As much as I love the film and stage adaptations of the story, the book was just wonderful. So full of color and imagination and description - you could fairly feel the 19th century London cold, the piles of apples and oranges on the street carts, the hawkers calling out to passers-by bundled head-to-toe in woolen coats and boots.

This really is the quintessential Victorian Christmas story. I suppose I'm only about 170 years late in determining that, but now that I have read the story, I can see why it was such an instantaneous hit with readers. It was so successful during his lifetime, in fact, that Dickens began a tradition of writing Christmas stories every year. The edition of A Christmas Carol that I purchased last year has two other Dickens Christmas stories in it as well, although I have not yet dived into those two.

So I highly recommend this book. If you have seen any or most of the various Scrooge movies that have been made over the years, much of the book will be familiar, but there are a few scenes here and there that I have never seen re-enacted in a play or a movie, including a trip out to a mining colony on the coast of England, and a hovering ride over the English Channel to view Christmas on a Navy ship.

Even after all these years of watching movies and plays based upon this story, I was still moved, emotionally, while reading this book, particularly during the scenes with the Cratchit family. And at the end, I almost felt a tear well up when Scrooge showed up on his nephew's doorstep for Christmas Lunch.

I'll end this post with one of the more poignant passages from the book. The Ghost of Christmas Present has just reminded Scrooge of his harsh words about how if the poor are going to die "then they had better do it, and decrease the surplus population." The Ghost told him this after Scrooge expressed concern about whether or not Tiny Tim would die. The Ghost goes on to say the following:

"Man," said the Ghost, "if man you be in heart, not adamant, forbear that wicked cant until you have discovered What the surplus is, and Where it is. Will you decide what men shall live, what men shall die? It may be, that in the sight of Heaven, you are more worthless and less fit to live than millions like this poor man's child. Oh God! To hear the Insect on the leaf pronouncing on the too much life among his hungry brothers in the dust."

That last line, in particular, strikes a powerful chord. How relevent, 170 years downstream, and in another country, for the self-righteous protestations of the wealthy American!

3 comments:

Anonymous said...

I love A Christmas Carol. I've actually never read a bad book by Dickens. They are all wonderful and whimsical and so full of wonderful irony.

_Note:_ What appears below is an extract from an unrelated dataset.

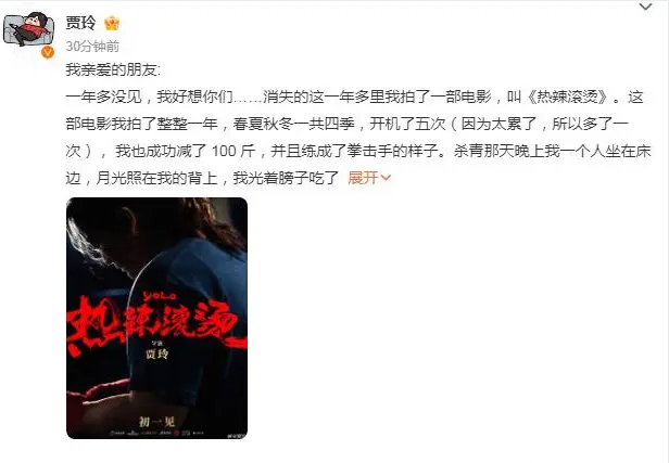 1月11日,许久未露面的导演、演员贾玲发文解释了自己消失1年多里,拍了一部电影,叫《热辣滚烫》,并将于大年初一上映。同时,她还在微博上提到自己为了这部电影减去了整整100斤,网友纷纷震惊。

"Mind! I don't mean to say that I know, of my own knowledge, what there is particularly dead about a door-nail. I might have been inclined, myself, to regard a coffin-nail as the deadest piece of ironmongery in the trade. But the wisdom of our ancestors is in the simile; and my unhallowed hands shall not disturb it, or the Country's done for. You will therefore permit me to repeat, emphatically, that Marley was as dead as a door-nail."

Scott said...

Yeah, I was surprised by how much dry humor there was in the book. I hadn't necessarily expected that. I guess I think of Dickens as rather dark and serious.

Anonymous said...

Oh God, not at all! Sure, he's making a commentary on the state of his world--Hard Times is an example that comes to mind--but he's always doing it with a sort of tongue in cheek attitude. Even the names he gives his characters are a reflection of this at times.